Fig. 6: LHPP downregulation enhances stem cell-like characteristics and chemoresistance in gastric cancer cells.
figure 6

A Tumor formation frequency at varying cell inoculation densities in xenograft models of AGS cells with upregulated LHPP expression. B Tumor formation frequency at different cell inoculation densities in xenograft models of MKN45 cells with downregulated LHPP expression. C Tumor weight and volume changes were recorded in xenograft models of AGS cells with a cell dose of 2 × 106. Student’s t test was used to compare the differences between the two groups. D Tumor weight and volume changes were recorded in xenograft models of MKN45 cells with a cell dose of 5 × 105. Student’s t test was used to compare the differences between the two groups. E Survival of patient-derived gastric cancer organoids with stable LHPP overexpression, with and without oxaliplatin (OXA) treatment. F Quantitative analysis of the number and size of surviving gastric cancer organoids. Data are presented as mean ± standard deviation (mean ± SD), with analysis performed using a Student’s t test.
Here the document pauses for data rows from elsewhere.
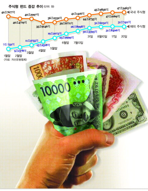 반면 해외펀드로의 자금유입은 줄어들고 있다. 최근 들어 해외펀드 기준가 산정의 오류로 고객들이 피해를 입는 사례가 나타나고 국내 주식시장이 해외 주식시장보다 수익률이 낫기 때문이다.
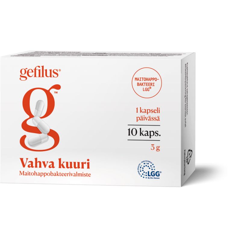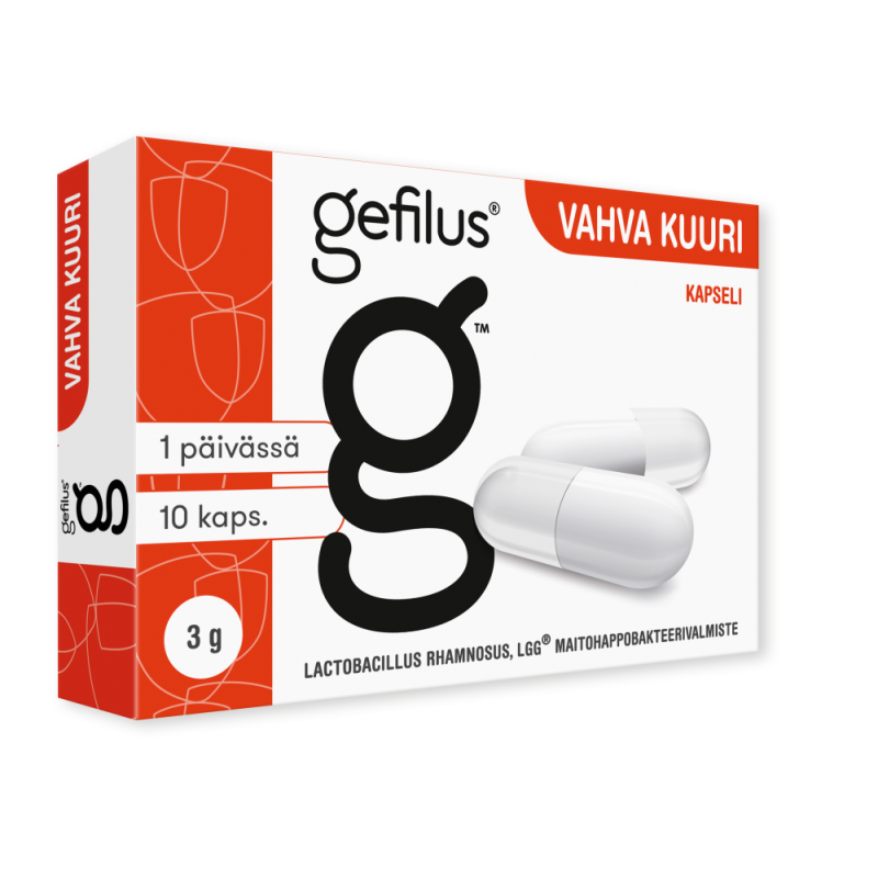 Gefilus VAHVA Kuuri maitohappobakteerikapselit sisältävät 10 miljardia maailman tutkituinta Lactobacillus rhamnosus GG -maitohappobakteeria.
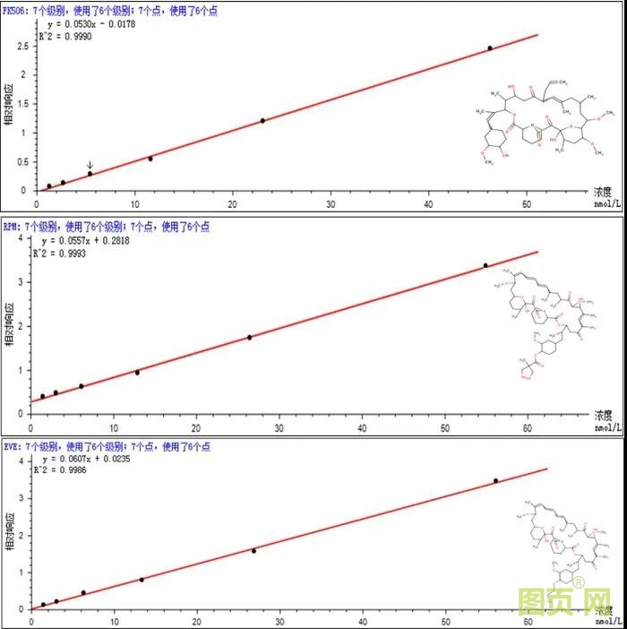 免疫抑制劑因其治療窗窄,在臨床應用中需進行治療藥物監(jiān)測,所測值作為臨床評價療效及毒副反應的指標。傳統(tǒng)免疫學方法進行血藥濃度監(jiān)測時特異性較差,不能完全區(qū)分免疫抑制劑與其代謝物;再者,其較大的分子量也加大了監(jiān)測難度。EXPEC 5210可實現(xiàn)3min內(nèi)完成3種免疫抑制劑——他克莫司、西羅莫司、依維莫司的濃度監(jiān)測,線性、重復性良好。
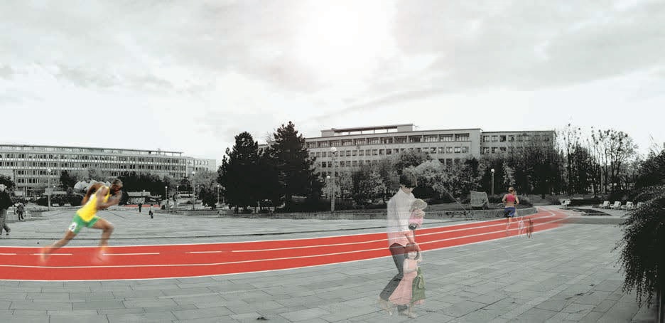 Na Námestí slobody navrhli bežeckú dráhu dlhú 400 metrov. „Tento zámer vyžaduje kvalitný povrch a dobré osvetlenie. Dobrá viditeľnosť rieši zároveň aj bezpečnosť počas nočných hodín,“ uviedli vtedy autori návrhu (vizuál).
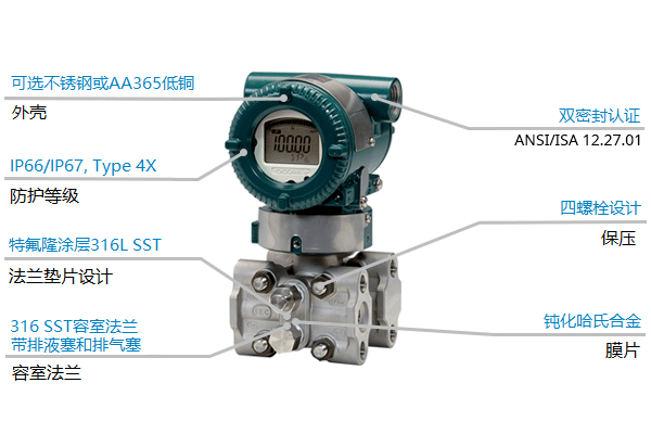 堅固耐用的構造可以幫助您的工廠減少故障。四螺栓保壓設計,DPharp數字傳感器,特氟龍涂層316L不銹鋼法蘭墊圈,ANSI / ISA 12.27.01認證雙重密封 - 所有的設計特點都為延長變送器的使用壽命。

G Apoptosis in LHPP-overexpressing and LHPP-knockdown gastric cancer cells following OXA treatment was assessed using apoptosis flow cytometry. Bar charts provide a quantitative analysis of the differences in Annexin V-FITC and PI double-positive cell percentages. Student’s t test was used to compare the differences between the two groups. *p < 0.05; **p < 0.01; ***p < 0.001.

Validation of LHPP expression in mouse tumor models and clinical samples

We used the Mist-CreERT;Apcfl/fl;p53fl/fl;Rosa26Tdtomato conditional knockout gene mouse model (Figs. 7A, and S16A, B), with the corresponding genetic mouse induction model shown in Fig. 7B. Mouse tumors are presented with HE staining to ensure they are all mouse cancer samples. As shown in Fig. 7A, we used this model to compare the expression and distribution of Lhpp, Cd44, and CD8 in GC. We observed that Cd44 expression was significantly increased in areas with low Lhpp expression, and there was an exclusion between the localization of Cd44 and Lhpp (Figs. 7A and S16A, B). Furthermore, areas with low Lhpp expression were accompanied by a reduction in the infiltration of CD8 + T cells within the tumor. In contrast, with high Lhpp expression, Cd44 expression significantly decreased, and CD8 + T cell infiltration into the tumor was significantly enhanced (Figs. 7A and S16A, B). We further supported the negative correlation between Lhpp and Cd44, as well as the positive correlation between Lhpp and CD8 infiltration, through statistical analysis of multiple regions across several mice (Fig. 7C, D).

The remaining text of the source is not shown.